Enquanto Bezos e Zuckerberg desembolsaram U$ 1 milhão (cerca de R$ 6 milhões), cada um, em doação para o evento, Musk fez diversas contribuições para Trump desde sua campanha presidencial. O valor total que o empresário sul-africano naturalizado estadunidense gastou com o republicano foi de U$ 250 milhões (cerca de R$1,5 bilhão).
Em troca, Trump prometeu um cargo em seu governo. Musk comandará, ao lado de outro bilionário, Vivek Ramaswamy, o Departamento de Eficiência Governamental.
Na análise do escritor estadunidense Danny Caine, autor do livro Como resistir à Amazon e porque (2023; Editora Elefante), a proximidade desses CEOs de grandes empresas nos Estados Unidos está ligada às medidas que o governo do presidente democrata Joe Biden tomou para regulamentar suas companhias.
O fim do serviço da checagem de fatos pela Meta em 7 de janeiro está “totalmente relacionada” ao retorno de Trump à Casa Branca, exemplifica ao Brasil de Fato.
“Desde a decisão da Meta em interromper a verificação de fatos até quase tudo o que Elon Musk fez com o Twitter tornam as mídias sociais mais hostis às vozes que não são de extrema direita”, pontua.
Leia a entrevista completa a seguir:
Brasil de Fato: As mídias sociais estão mais próximas da extrema direita? Por quê?
Danny Caine: Em teoria, a mídia social é uma tecnologia neutra e pode ser utilizada por pessoas de qualquer convicção política. No entanto, na realidade, os CEOs das empresas que administram as plataformas de mídias sociais estão definitivamente tentando obter favores da nova administração presidencial. Isso faz com que os CEOs remodelem a plataforma de modo a atender à extrema direita. Desde a decisão da Meta em interromper a verificação de fatos até quase tudo o que Elon Musk fez com o Twitter, desde retirar o banimento de contas fascistas ou neonazistas até o enfraquecimento acentuado do recurso de bloqueio desse tipo de conta. Todas essas mudanças tornam as redes de mídia social mais hostis às vozes que não são de extrema direita.
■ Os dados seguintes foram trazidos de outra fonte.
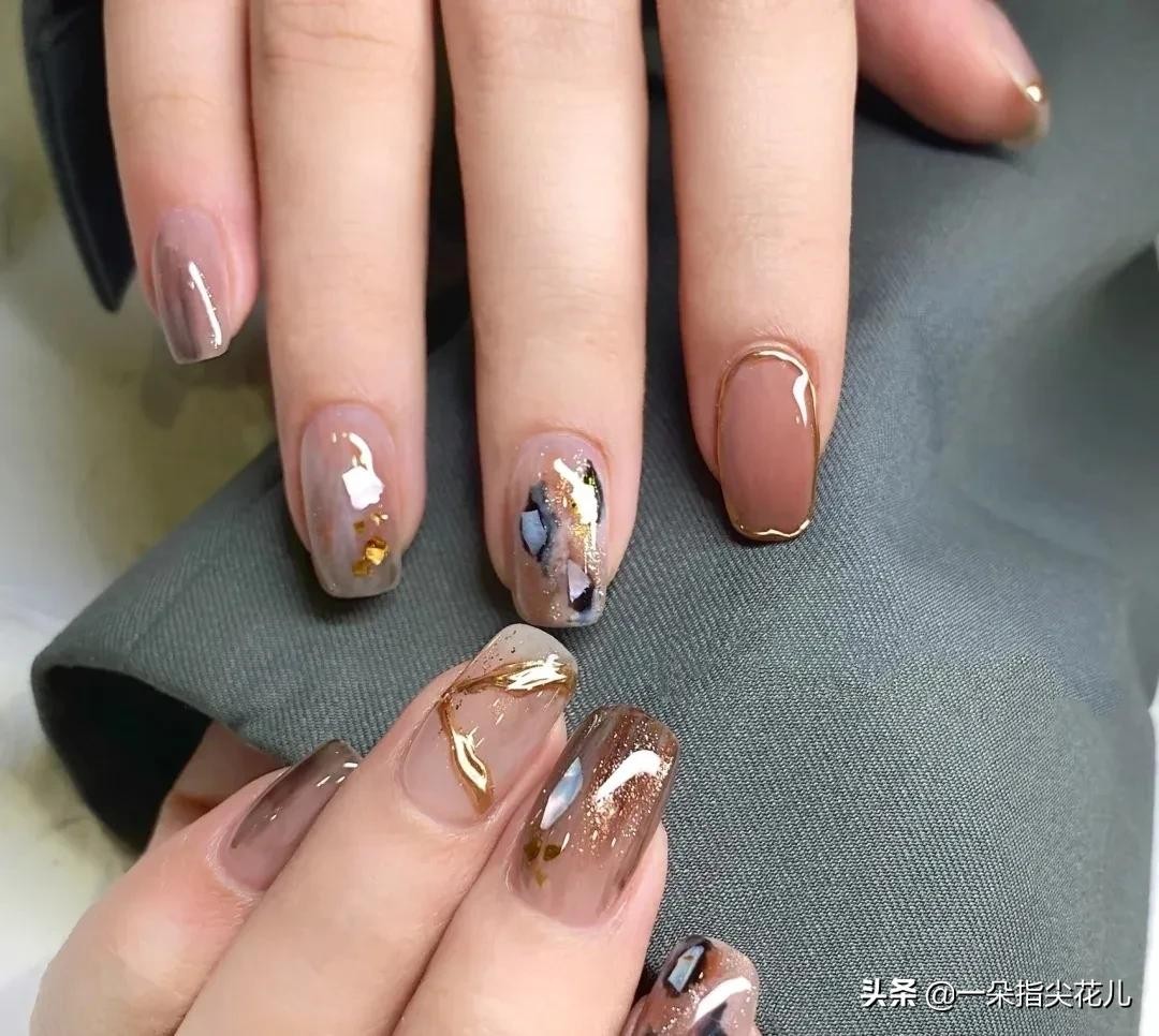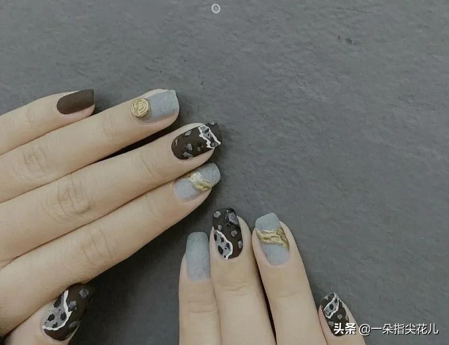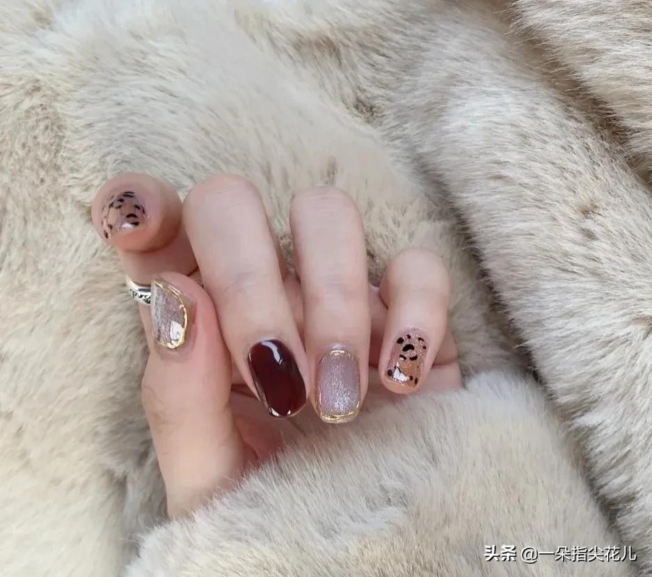 小姆手指和食指焦糖色系+金属法式边,无名指晶石猫眼搭配豹纹彩绘+中指焦糖色系浅色搭配贝壳片,大拇指可以和中指(无名指)同款。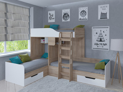 Трехместная кровать ТРИО/1 Белый/Сонома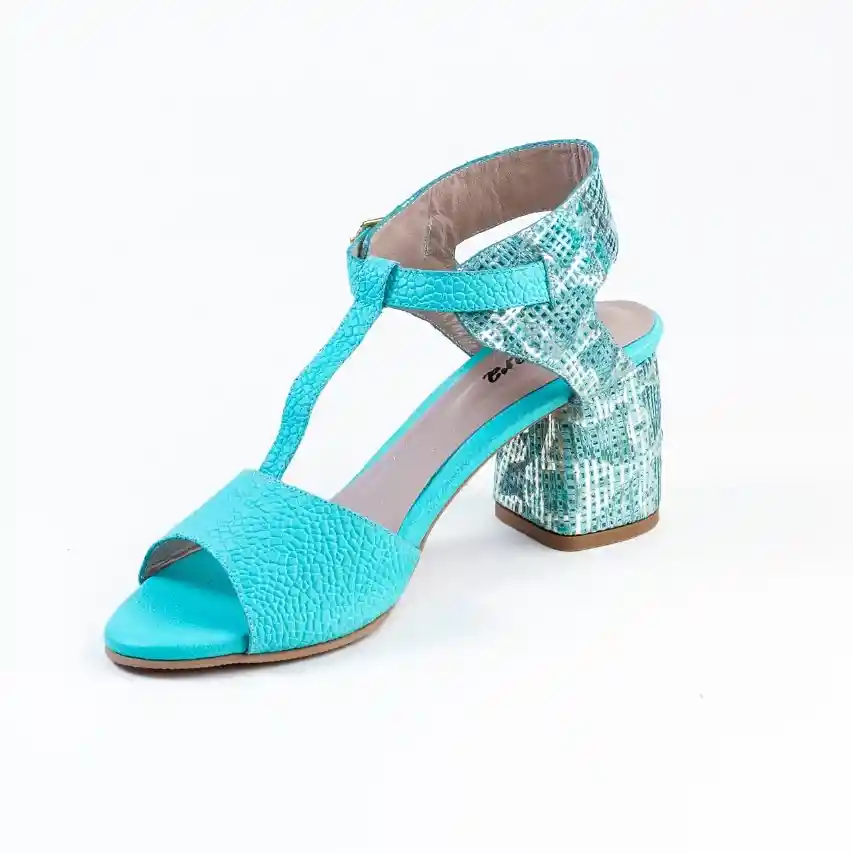 Sandalia Aguamarina con delicados toques en dorado en la zona del tacon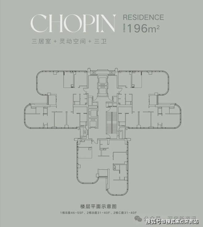 设计基于总图逻辑展开,为了能满足6.0高容积率数据指标,最终以3栋T3 (一梯三户) ,2栋T2 (一梯二户) ,1栋相对独立的 “三芒星” 平面高梯户比垂直社区 (业主自持) ,共6栋住宅便实现。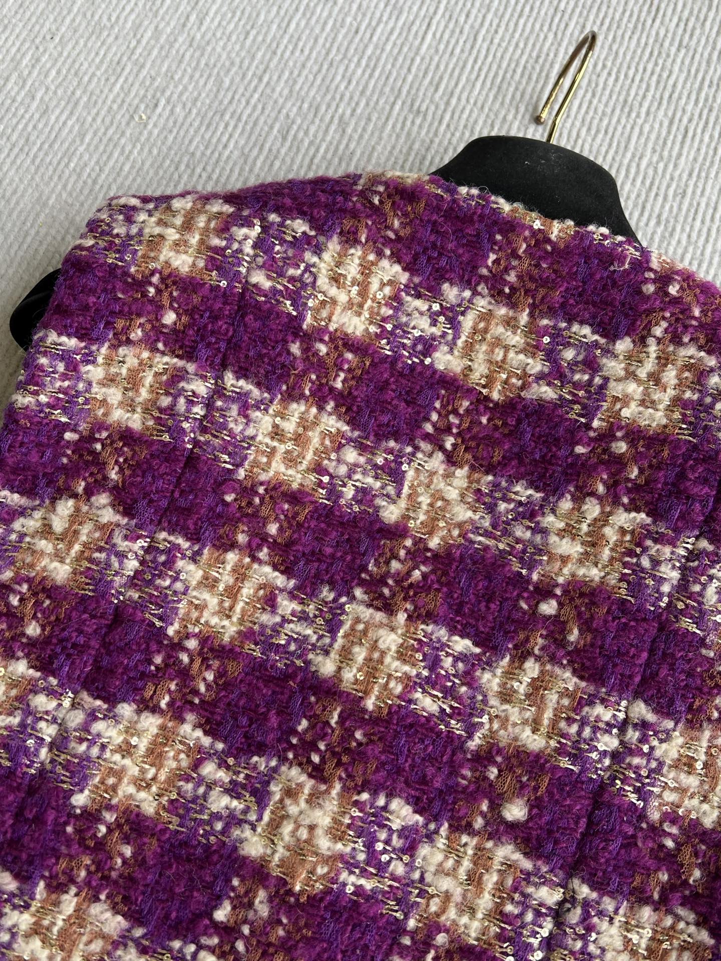 Chanel 2025 Plaid Tweed Vest Jacket Puprle Wool Polyester 325378

Com a última decisão de Mark Zuckerberg de encerrar a verificação de fatos na Meta, é possível dizer que a Internet é fascista?
Não acho que a Internet em si seja fascista, já que a tecnologia é, em teoria, apenas uma ferramenta. Entretanto, algumas das pessoas que controlam o acesso a partes importantes da Internet por meio de suas corporações monopolizadoras estão demonstrando tendências fascistas.
O que Zuckerberg pretende com esse anúncio? Ele está de alguma forma relacionado ao retorno de Donald Trump à Casa Branca?
Zuckerberg está tentando refazer o Facebook de uma forma favorável a Trump. Isso está totalmente relacionado ao retorno dele à Casa Branca. De acordo com as atuais leis antitruste [regulamentações que visam proteger a concorrência] que já estão em vigor, muitas dessas grandes empresas de tecnologia podem ser regulamentadas, processadas ou desmembradas. O governo do [presidente democrata Joe] Biden tomou medidas importantes para controlar o poder das grandes empresas de tecnologia, e os CEOs delas sabem disso. Eles sabem que a melhor maneira de aliviar essa pressão sobre eles e sobre seu modelo de negócios é trabalhar para cair nas boas graças do governo Trump.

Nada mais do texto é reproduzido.